Intracerebral hemorrhage (ICH) is one of the common fatal types of cerebral apoplexy with high mortality and disability rates. Hematoma volume and complications of intracerebral hemorrhage are major predictors of early death and poor prognosis. The hematoma and its metabolites are key therapeutic targets. At present, in order to improve the prognosis of patients, cerebrospinal fluid(CSF) replacement with normal saline(NS) is commonly used in clinical practice to clear the bloody components, which shows a good clinical effect. However, due to the large difference between NS and CSF composition, it is easy to cause secondary injury of brain tissue. Therefore, the replacement of artificial CSF with similar CSF composition will be more effective in reducing the incidence of complications and improve the prognosis of neurological function.

The Magnesium-rich Artificial Cerebrospinal Fluid(MACSF) was designed and developed in the early stage of this project which has similar physical and chemical properties to physiological CSF, such as ion species, concentration, the potential of hydrogen (pH) value, and osmotic pressure. Animal experiments had confirmed its safety and effectiveness. In this study, patients with basal ganglia intracerebral hemorrhage ruptured into the ventricle or subarachnoid hemorrhage were stratified randomly divided into MACSF group and NS group.

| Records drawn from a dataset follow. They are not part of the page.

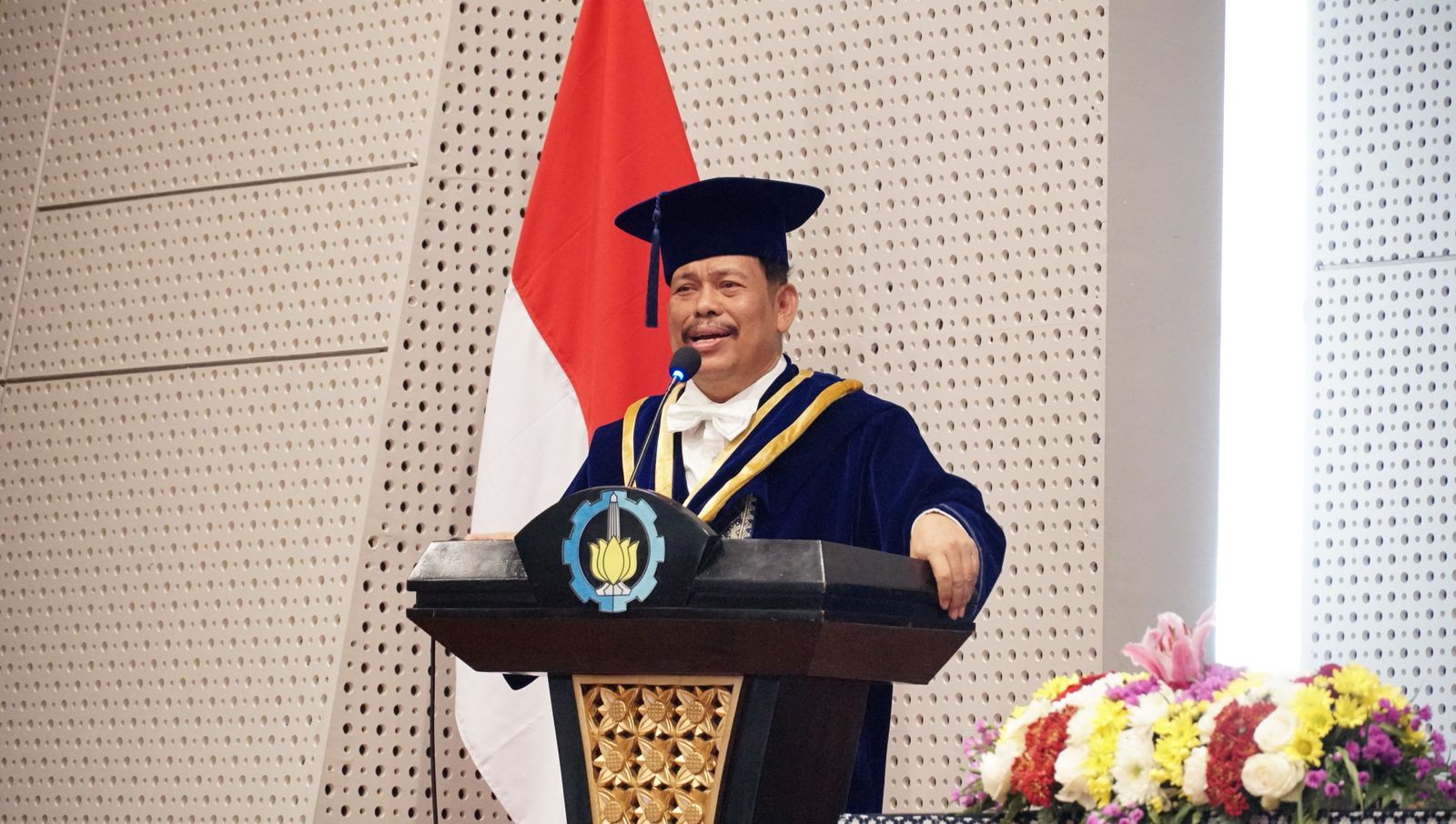 Prof Ir Bambang Pramujati ST MSc Eng PhD delivering his inaugural speech at the ITS Professors Council Open Session.
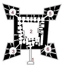 The castle of Barletta thus assumed its present morphological appearance: a quadrangular structure, with four pentagonal bastions at the corners, an endowment of cannons on all sides and a moat that allowed detachment from the mainland on three sides. On the other hand, the fourth side, to the north, faced the coast so as to ensure defense toward the sea. Access to the castle was mediated by a wooden drawbridge, built entirely during the 16th century.[53] However, the castle, renovated and adapted as a fortress, was never used for military purposes, due to the shift of interests from the Mediterranean basin to North and South America.[54][55]
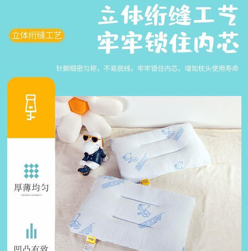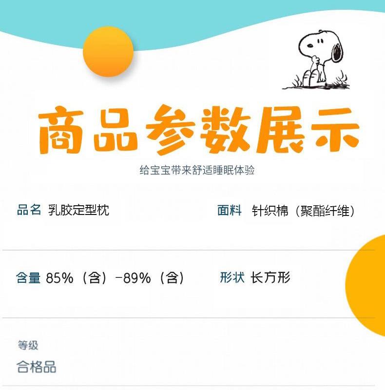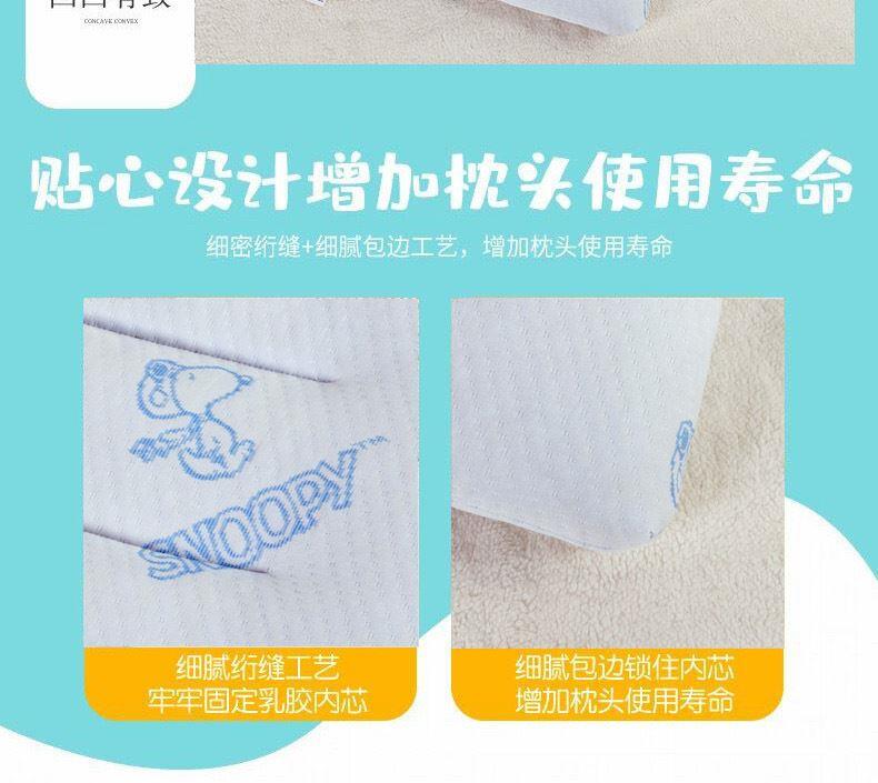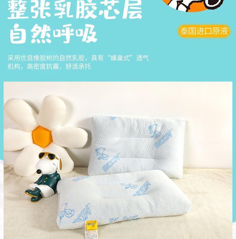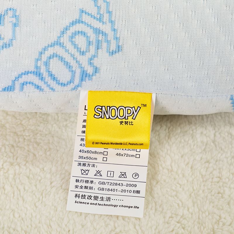 产品品名:Snoopy·史努比乳胶颗粒枕(定型) 型号:SNB02-3 材质:针织棉(全聚酯纤维)纯乳胶 乳胶原产国:泰国
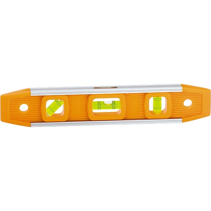 Усиленный магнитный уровень Sparta «Торпедо» (IV) 346115 длиной 230 мм, пластмассовый, с 3 глазками, — оптимальный вариант для бытового использования. 3 глазка служат для проверки горизонтальных и вертикальных поверхностей и соответствия углу 45 градусов. За счет небольшой длины инструментом удобно работать в труднодоступных местах и ограниченном пространстве.Для определения отклонения вертикали 90 градусов необходимо использовать пузырьковую ампулу только в верхнем положении уровня. Только базовая поверхность является рабочей (противоположная ампуле 180 градусов).ПреимуществаНадежность уровня обеспечивает прочная пластмасса, из которой он выполнен.Металлические пластины усиливают корпус, что увеличивает ресурс инструмента.За счет магнитов уровень можно зафиксировать на металлических поверхностях, что сделает более удобными сантехнические работы.В корпусе имеются отверстия для подвесного хранения инструмента.
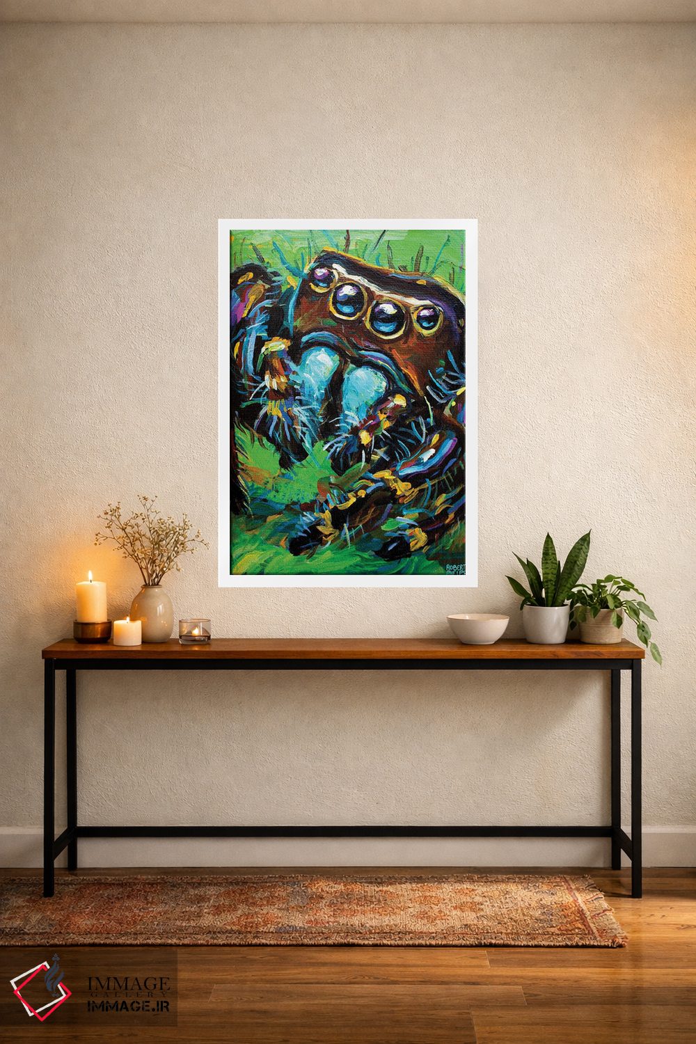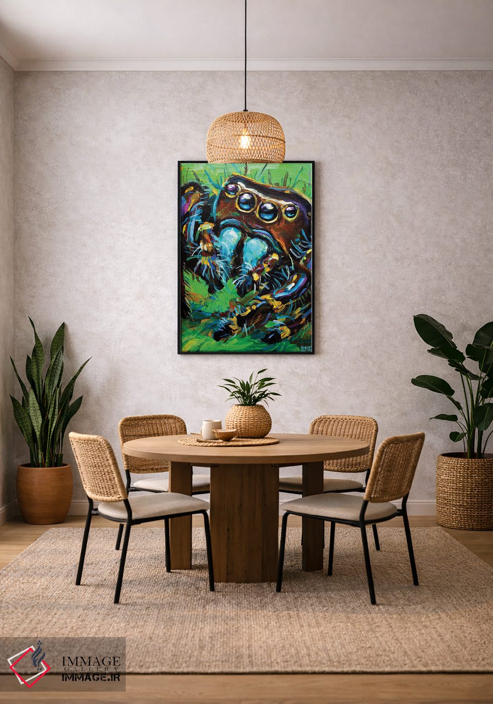 برای دکورهای صمیمی، «عنکبوت جهنده ۱» اثرِ «رابرت فلپس» گرما و شخصیت به فضا اضافه میکند؛ برای هدیهدادن به دوستداران حیوانات انتخابی خوشسلیقه است. با قاب چوبی یا مشکی، حس مرتبتری پیدا میکند.
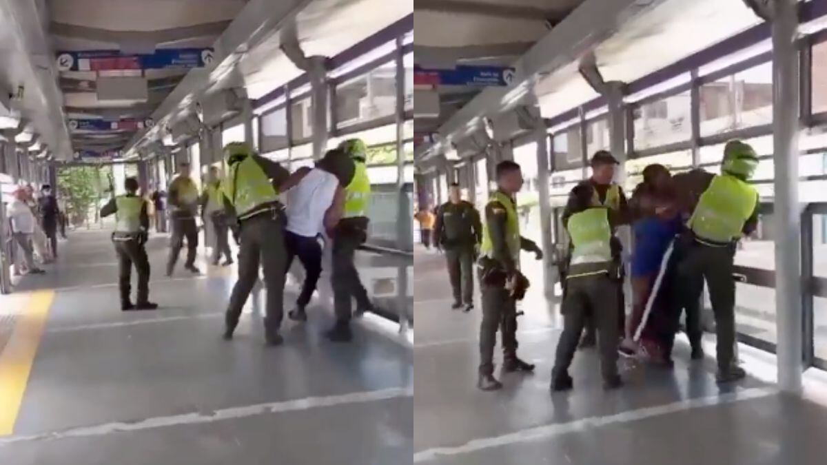 Los Policías se acercaron a pedirle a las dos personas que salieran del lugar y ambos se segaron, lo que llevo a los uniformados a bajarlos por la fuerza de la estación, pues los usuarios ponían resistencia.
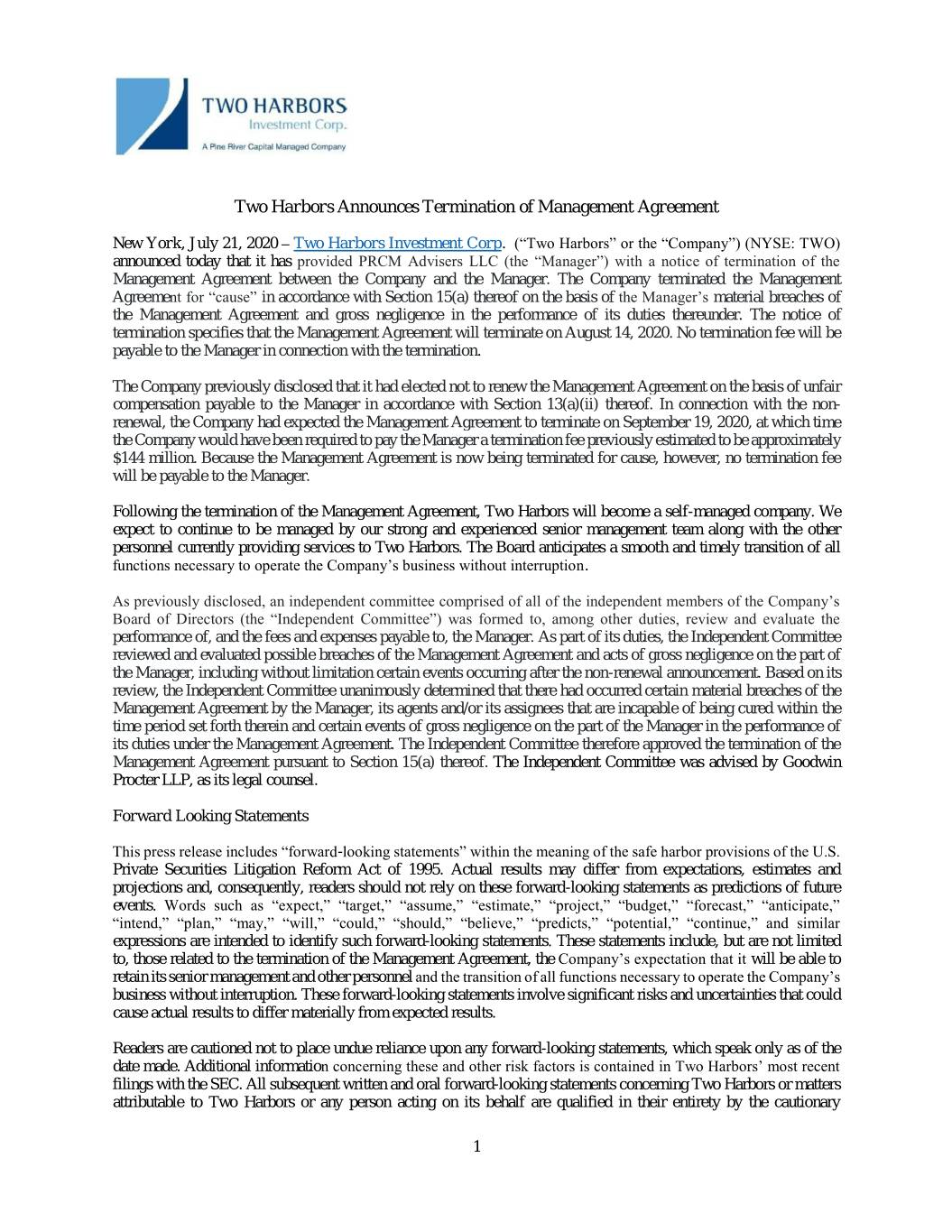 Two Harbors Announces Termination of Management Agreement New York, July 21, 2020 – Two Harbors Investment Corp. (“Two Harbors” or the “Company”) (NYSE: TWO) announced today that it has provided PRCM Advisers LLC (the “Manager”) with a notice of termination of the Management Agreement between the Company and the Manager. The Company terminated the Management Agreement for “cause” in accordance with Section 15(a) thereof on the basis of the Manager’s material breaches of the Management Agreement and gross negligence in the performance of its duties thereunder. The notice of termination specifies that the Management Agreement will terminate on August 14, 2020. No termination fee will be payable to the Manager in connection with the termination. The Company previously disclosed that it had elected not to renew the Management Agreement on the basis of unfair compensation payable to the Manager in accordance with Section 13(a)(ii) thereof. In connection with the non- renewal, the Company had expected the Management Agreement to terminate on September 19, 2020, at which time the Company would have been required to pay the Manager a termination fee previously estimated to be approximately $144 million. Because the Management Agreement is now being terminated for cause, however, no termination fee will be payable to the Manager. Following the termination of the Management Agreement, Two Harbors will become a self-managed company. We expect to continue to be managed by our strong and experienced senior management team along with the other personnel currently providing services to Two Harbors. The Board anticipates a smooth and timely transition of all functions necessary to operate the Company’s business without interruption. As previously disclosed, an independent committee comprised of all of the independent members of the Company’s Board of Directors (the “Independent Committee”) was formed to, among other duties, review and evaluate the performance of, and the fees and expenses payable to, the Manager. As part of its duties, the Independent Committee reviewed and evaluated possible breaches of the Management Agreement and acts of gross negligence on the part of the Manager, including without limitation certain events occurring after the non-renewal announcement. Based on its review, the Independent Committee unanimously determined that there had occurred certain material breaches of the Management Agreement by the Manager, its agents and/or its assignees that are incapable of being cured within the time period set forth therein and certain events of gross negligence on the part of the Manager in the performance of its duties under the Management Agreement. The Independent Committee therefore approved the termination of the Management Agreement pursuant to Section 15(a) thereof. The Independent Committee was advised by Goodwin Procter LLP, as its legal counsel. Forward Looking Statements This press release includes “forward-looking statements” within the meaning of the safe harbor provisions of the U.S. Private Securities Litigation Reform Act of 1995. Actual results may differ from expectations, estimates and projections and, consequently, readers should not rely on these forward-looking statements as predictions of future events. Words such as “expect,” “target,” “assume,” “estimate,” “project,” “budget,” “forecast,” “anticipate,” “intend,” “plan,” “may,” “will,” “could,” “should,” “believe,” “predicts,” “potential,” “continue,” and similar expressions are intended to identify such forward-looking statements. These statements include, but are not limited to, those related to the termination of the Management Agreement, the Company’s expectation that it will be able to retain its senior management and other personnel and the transition of all functions necessary to operate the Company’s business without interruption. These forward-looking statements involve significant risks and uncertainties that could cause actual results to differ materially from expected results. Readers are cautioned not to place undue reliance upon any forward-looking statements, which speak only as of the date made. Additional information concerning these and other risk factors is contained in Two Harbors’ most recent filings with the SEC. All subsequent written and oral forward-looking statements concerning Two Harbors or matters attributable to Two Harbors or any person acting on its behalf are qualified in their entirety by the cautionary 1
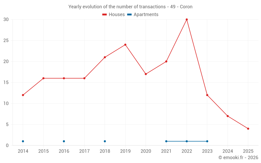 The median price on the 14 house transactions of the last 24 months in the municipality of Coron was 1 538 € per square meter for a median property value of 115 745 €. Over this period, 60% of transactions were between 1 034 and 1 925 € per square meter (from the 2nd to the 8th deciles).
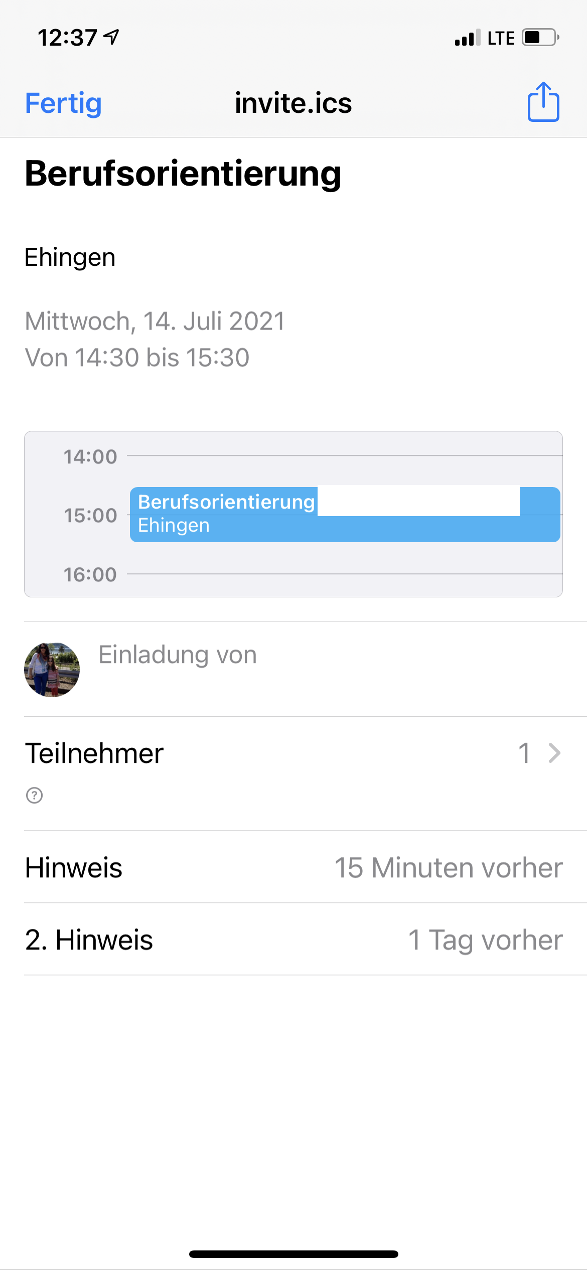 Ich kann die Einladung zwar öffnen, jedoch nicht im AppleKalender eintragen. Es fehlt „Hinzufügen“.

MACSF and NS were used as replacement fluid for lumbar puncture CSF replacement, respectively. By observing and comparing two groups of patients of the Modified Rankin Scale (mRS) on the days14, 30, 60 and 90 after onset; hematoma absorption rate, hemorrhagic CSF removal rate; changes of cerebral autoregulation; incidence of complications, such as acute obstructive hydrocephalus (AOH) and cerebral vasospasm (CVS); the changes of scores and scales about imaging; assessment of neurological function recovery, such as the National Institutes of Health Stroke Scale (NIHSS) and the Glasgow Coma Score (GCS) during hospitalization, headache duration and the Visual Analogue Scale (VAS), vomiting duration, duration of meningeal irritant, ICU hospitalization duration, total hospitalization duration; change of CSF and peripheral blood biochemical indicators. The objective is to evaluate MACSF replacement therapy in patients with basal ganglia cerebral hemorrhage broken into ventricles and nonaneurysmal subarachnoid hemorrhage of the influence of absorption rate and prognosis.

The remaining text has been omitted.